Some patients take longer than expected, I point out. Doctors’ schedules are usually jam packed.

“I know, I know. But then why the rush to get me on the scale and my blood pressure and a regurgitation of the form questions?” She waves again, then pushes up her glasses. “Finally, the doctor comes in.Do you know Dr. T - ?” I do not. “Just as well. Some days I wish I didn’t. He was my husband’s choice and it’s my husband’s insurance, so when Rome dictates, you learn to speak Latin. Or something like that.

“Anyway, this man comes in and gives me a cold, damp handshake. Like holding hands with a fresh-caught mackerel. I won’t say he’s strange-looking, but I had this thought of a normal-proportioned man, maybe a little on the short side, who’d been put into a taffy-puller. Even his mustache hangs down and his hair got pulled al the way of the back of his crown. So he sits down with his tablet or whatever the step up from the laptop is and starts asking me the same questions that the nurse asked and the form asked.

‘Hey, I just spent 20 minutes answering those on a form and then telling it all to the nurse,’ I said.

He doesn’t look up at me. I think he might have blinked. ‘I need the information for my records,’ he says.
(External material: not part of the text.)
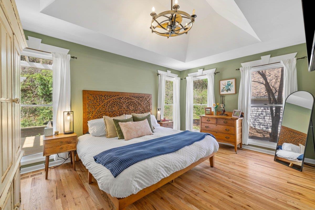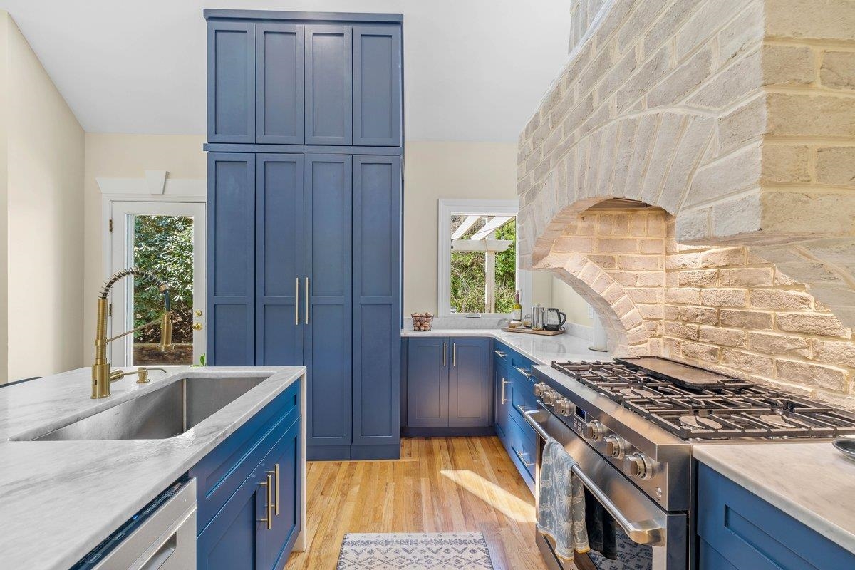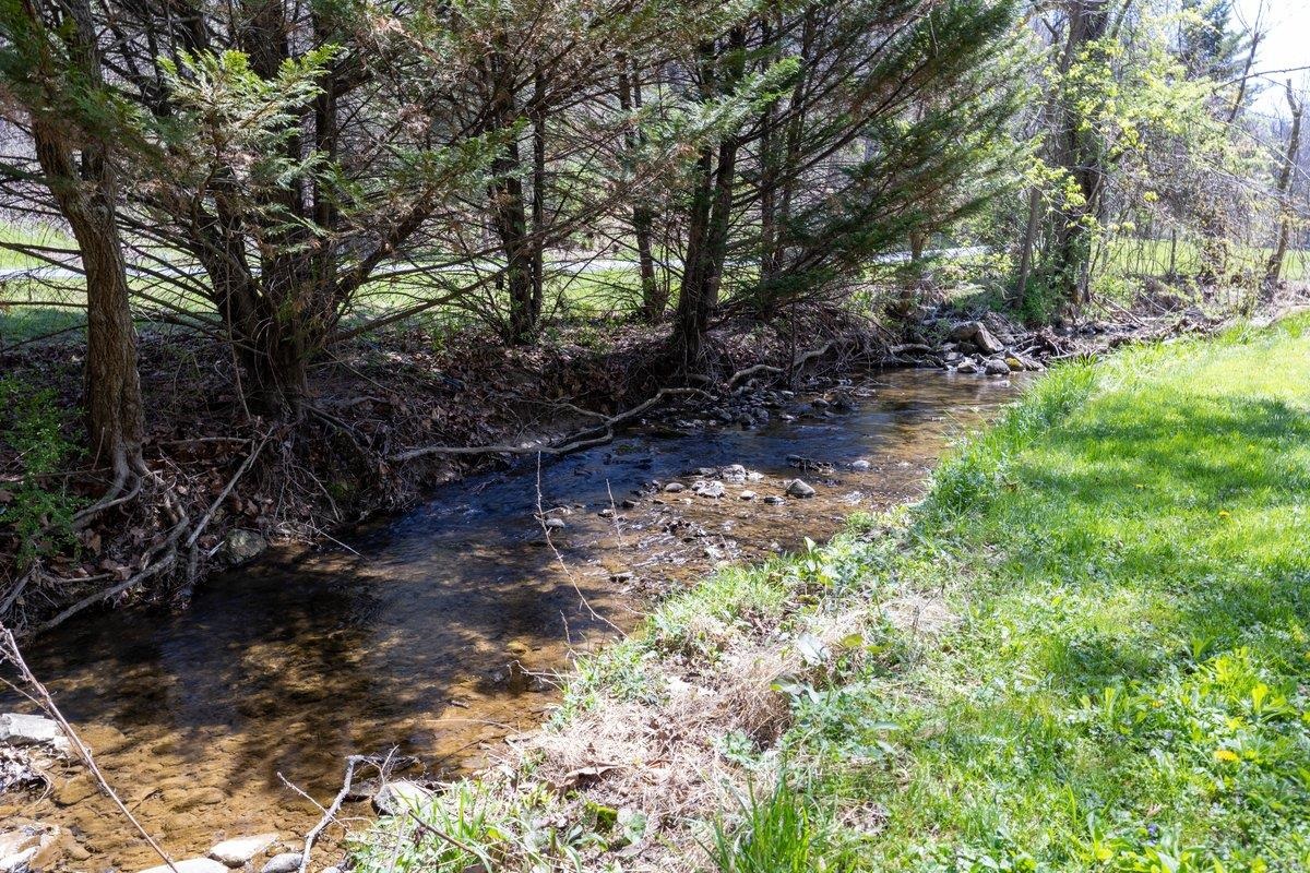 Rare opportunity to own a truly one of a kind home on nearly a 1 acre lot all within Radford city limits. You're certain to be torn between spending your days outdoors, enjoying the creek that runs through the front yard, tending to your chickens or spending the evening around the firepit. While on the inside, newly refinished hardwoods will lead you to this show stopping kitchen, draped in luxury with leathered marble countertops with waterfall edge, walk-in pantry, custom brick range hood and 6 burner gas range. The primary suite is located on the main level featuring tray ceilings, spacious bathroom and lots of natural light. Again, on the main level you'll find an expansive living room complete with custom built-ins. Upstairs are 3 distinctly unique bedrooms and a thoughtfully designed full bath. Last, but certainly not least is a 2 car garage with a bonus loft, perfect for storage or future rec room. Don't miss your opportunity to own one of the most unique properties in Radford!

‘Okay,’ I say. I hop of the table – so, yes, I can hop – and go out into the hallway where the nurse is at some desk. ‘I need the clipboard,’ I tell her. ‘I may have missed something.’ She gives me that Botox look of no understanding, but gives it to me. I take it and go back to the room and give it to the doctor. ‘Here, you can take the information from there.’ He looks at me then, like I’ve got four eyes or two heads or something.

“Takes him a few more minutes to tappity-tap his keyboard full of my information and the first thing he says is, ‘Well, you need to lose weight.’

“’Tel me something new,’ I thought I was joking. His vanilla-taffy face turned a little strawberry.

“’Look, you need to lose about 50 pounds to be healthy at your age and height.’

“I started feeling a little strawberry myself. ‘According to who?’

“’Well, the AMA and state and federal health organizations –‘

“’And the insurance companies that only make money if we live and keep paying premiums and the nutrition and diet people who change their minds every other month.’

“ Well, here strawberry was turning cherry. ‘Look, Mrs. Louden, if you don’t lose the weight, we’ll be talking about heart disease. We’ll be talking about organ stress. We’ll be talking about joint damage and probably replacement surgery.’

“’And if I do lose the weight, what will we talk about then?’”

I glanced at the clock at this point, noting that students would arrive soon, so I pointed out that doctors have it pretty hard these days with the demands of insurance, high costs, ageing population with more and more ailments, and so much grief from a federal government whose answer to every problem is to cut services and give tax breaks. I noted that, even in my own experience, it did rather seem like a factory-run science lab with all the tests and measuring, “But,” I ended, “Al they really want to know what they’re dealing with.”

“I know,” Notta agreed. “It’s hard for us all when you get people with heads up their rear ends telling the rest of us how to be healthy. Oh, there’s BJ with his iPod earphones up to loud. That boy will go deaf before he’s 20.”

She stands, pats my shoulder. “I know what you’re saying and they do need to know what they’re dealing with. I only wish they would remember they’re dealing with, too.” She smiled and wagged her finger. “Think about it. You know I’m right.”